Printed, each is a sheet of A3 folded to create a 4-page A4 newsletter. Scanned, what I have is a PDF comprising two A3 pages (each therefore having two A4 pages on it).
As a result, the PDF when viewed effectively shows pages in the order 4 (back page), 1 (front page), 2, 3. (That's one A3 sheet containing pages 4&1, and another containing 2&3, as a two-page PDF.)
I want to turn this into a new PDF comprising four A4 pages in the obvious 1,2,3,4 page order.
Suggestions?
If the pages were A4 I could use pdftk: pdftk in.pdf cat 2-4 1 output out.pdf .. but pdftk can currently only "see" two A3 pages so that won't work.
Another consideration: The scan appears to have included an OCR layer which makes much of the text content searchable and I'd like to not lose that.
The original newsletters are lost to time so I can't rescan. (This exercise is for a website that's creating a historical archive of which these PDFs will form a part.)

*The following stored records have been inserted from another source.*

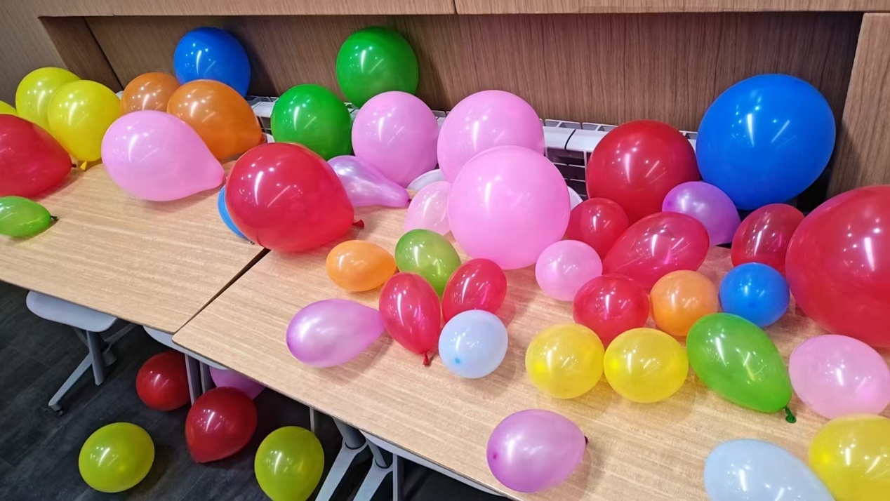 下午5点,班级志愿者们早早来到教室,开始了紧锣密鼓的布置工作。五彩斑斓的气球被巧妙地粘贴在教室的各个角落,黑板上贴满了“2026新年快乐”的创意贴纸,桌椅被摆放成四边形的三边,既方便互动又增添了节日气息。在大家的共同努力下,原本普通的教室瞬间焕然一新,温馨喜庆的氛围感染着每一位到场的同学。
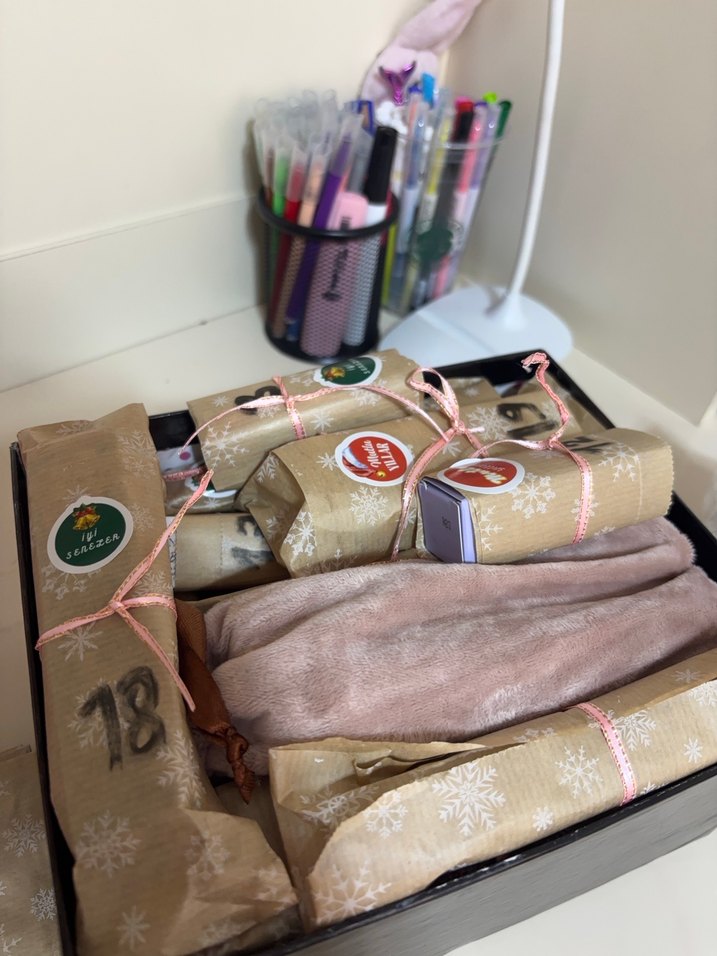 Bej renkli kar tanesi desenli kağıda sarılı, pembe iplerle bağlanmış hediye paketi seti.
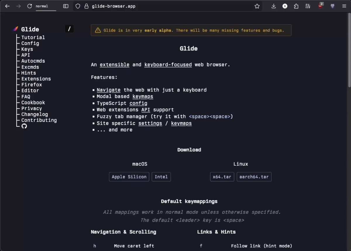 Glide — это расширяемый веб-браузер с акцентом на управление с помощью клавиатуры, предназначенный для повышения эффективности навигации в интернете. Построенный на базе Firefox, он сочетает в себе надежность проверенного движка с инновационным подходом к пользовательскому интерфейсу. * Управление без мыши: Вся навигация в интернете и взаимодействие с интерфейсом оптимизированы для использования исключительно клавиатуры. * Модальные раскладки клавиш: Поддержка различных режимов (Normal/Insert), аналогичных текстовым редакторам вроде Vim, что обеспечивает эффективное переключение между навигацией и вводом текста. * TypeScript-конфигурация: Глубокая настройка браузера осуществляется через конфиг-файл на TypeScript, что дает разработчикам полный контроль над поведением программы. * Поддержка Web Extensions API: Совместимость со стандартными расширениями, что позволяет использовать привычные инструменты в новой среде. * Умный менеджер вкладок (Fuzzy Tab Manager): Быстрый поиск и переключен
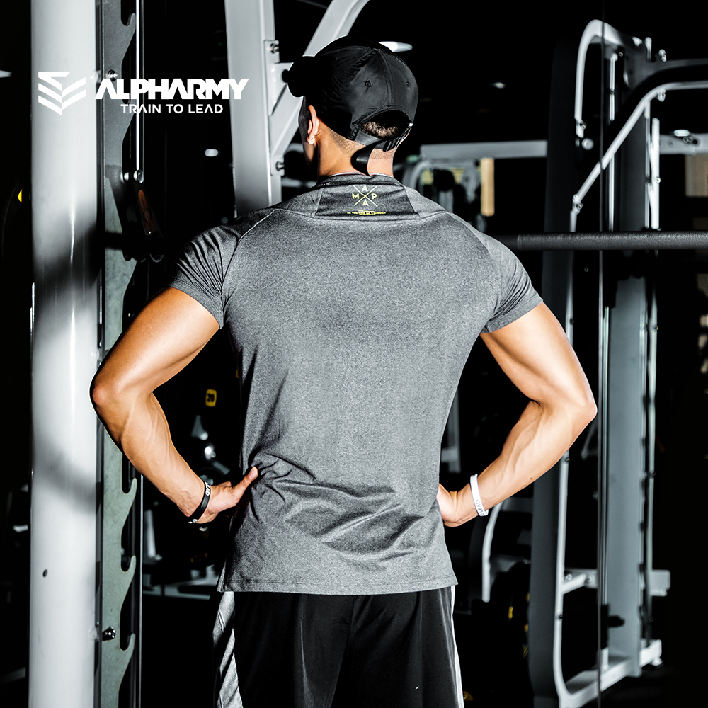 Alpharmy loose exercise T-shirt men fitness training strong resilience to short sleeves and sweat sweating tops
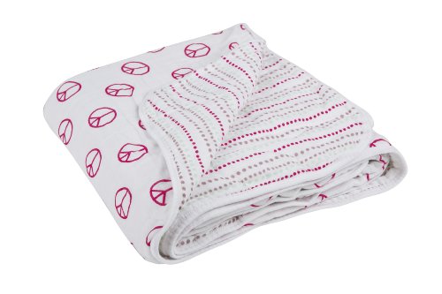Lassig Baby Cozy Blankets Soft 100% Cotton Muslin Fabric Pre-Washed Multi-Layers, Peace and Dots Girls
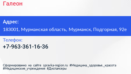 Галеон по адресу 183001, Мурманская область, Мурманск, Подгорная, 92е в дальнейшем Организация, размещена в следующих категориях:
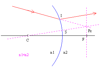 L'animation suivante permet de déterminer le rayon réfracté correspondant à un rayon incident quelconque sur un dioptre sphérique:
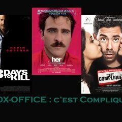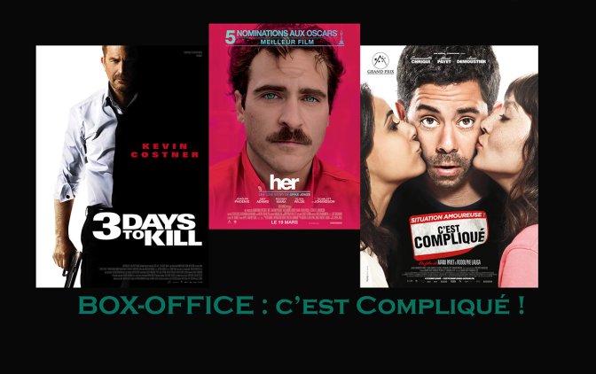 La comédie française s’offre 3 titres dans le top 10, dont une nouvelle entrée réalisée par Manu Payet qui ne convainc pas. Pour EuropaCorp et 3 Days to kill, c’est le flop. Spike Jonze triomphe avec son dernier opus, le sophistiqué Her.
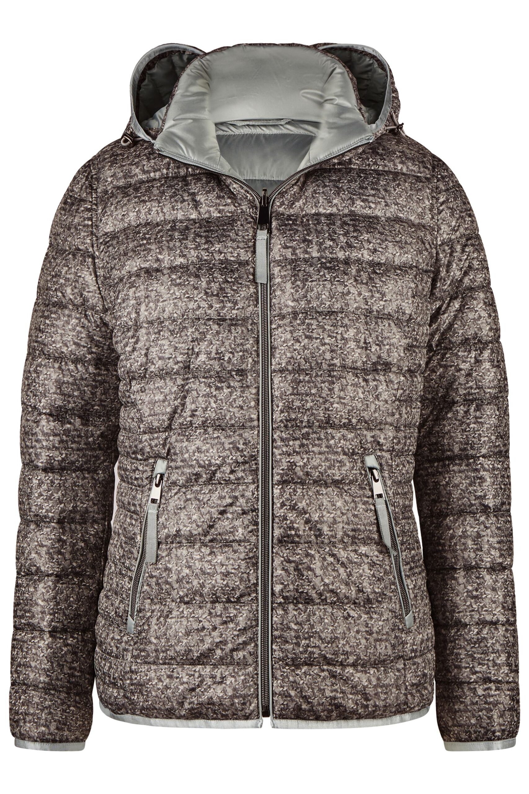 PIUMINO DONNA BARBARA LEBEKL REVERSIBILE CON CAPPUCCIO STACCABILE INTERNO TINTA UNITA ESTERNO FANTASIA SUI TONI DEL GRIGIO

On 18 February 2018 at 10:58, Mark Rogers mark@more-solutions.co.uk wrote:
If the pages were A4 I could use pdftk: pdftk in.pdf cat 2-4 1 output out.pdf .. but pdftk can currently only "see" two A3 pages so that won't work.
As is so often the way, formulating the question in a way suitable to post to a mailing list also prompts new phrases to Google for so I solved this myself:
sudo apt install pdfposter pdftk pdfposter in.pdf -s1 tmp.pdf pdftk tmp.pdf cat 2 4 5 1 output a4.pdf
(For some reason, pdfposter gives me a 6 page result, where 1,2,4,5 have my document on them and 3&6 are blank. I could probably solve that if it mattered but as it's just an interim step easily fixed by pdftk I didn't bother.)
The OCR layer appears to have been retained correctly by this process.